Data below:

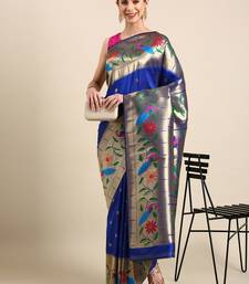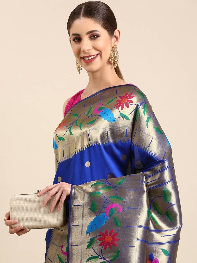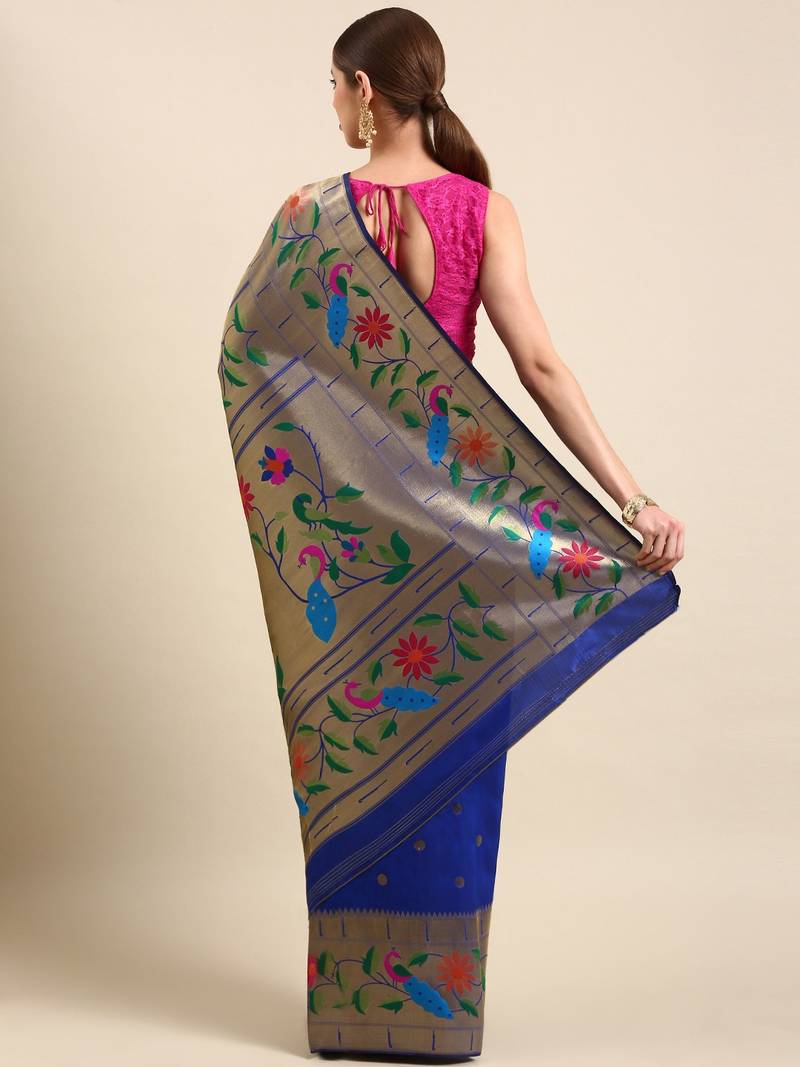 Blue woven paithani silk saree with blouse
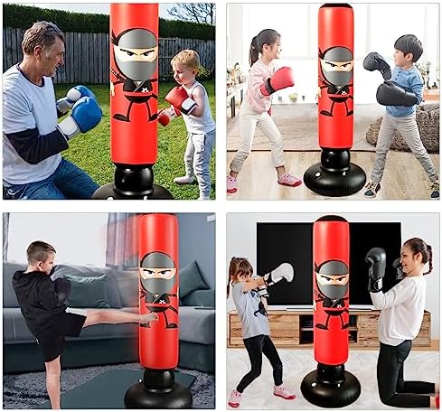 Funny cartoon stickers come with the punching bag, and you can decorate it as you like. Inflatable Punching Bag could be a great sports toy for boys and girls exercising at home. Please note that the sticker may come off over time.
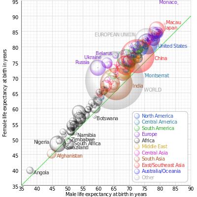 Various factors contribute to an individual's longevity. Significant factors in life expectancy include gender, genetics, access to health care, hygiene, diet and nutrition, exercise, lifestyle, and crime rates. Below is a list of life expectancies in different types of countries:[1]
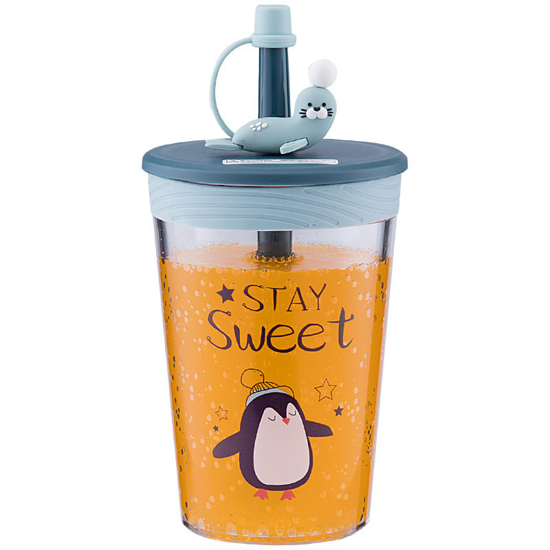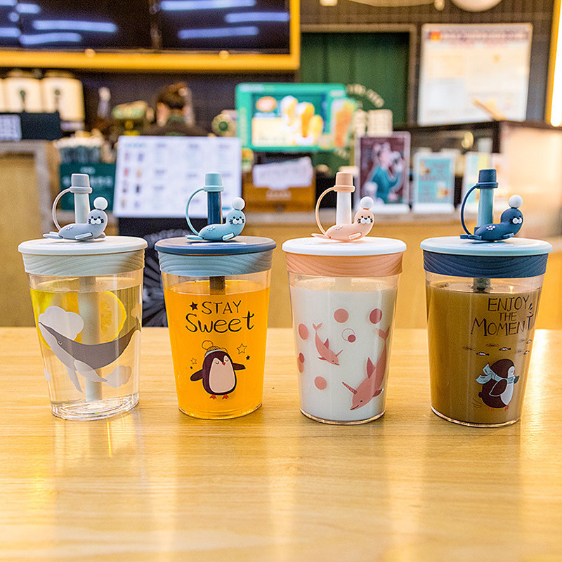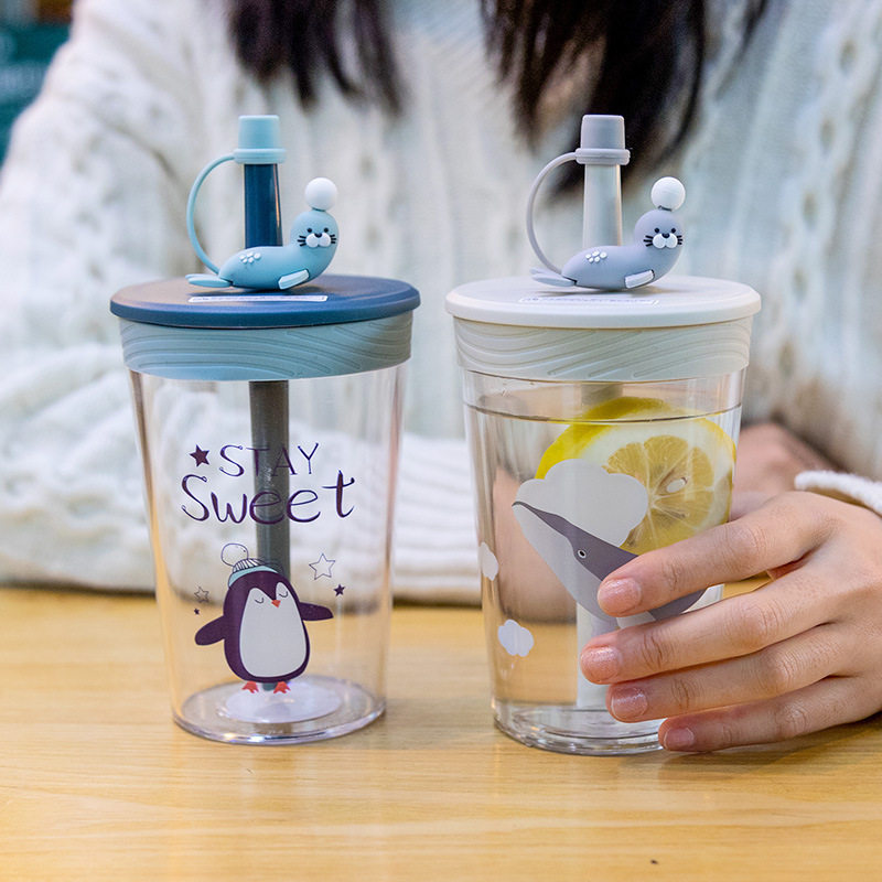 TRITAN straw cup dolphin summer water cup student fresh straw drinking cup large-capacity juice milk cup

Task to carry out: The line containing "Funny cartoon stickers" and every line after it, through the end of the material above, are to be printed exactly; no pictures belong in the output.

Final answer:
 Funny cartoon stickers come with the punching bag, and you can decorate it as you like. Inflatable Punching Bag could be a great sports toy for boys and girls exercising at home. Please note that the sticker may come off over time.
 Various factors contribute to an individual's longevity. Significant factors in life expectancy include gender, genetics, access to health care, hygiene, diet and nutrition, exercise, lifestyle, and crime rates. Below is a list of life expectancies in different types of countries:[1]
 TRITAN straw cup dolphin summer water cup student fresh straw drinking cup large-capacity juice milk cup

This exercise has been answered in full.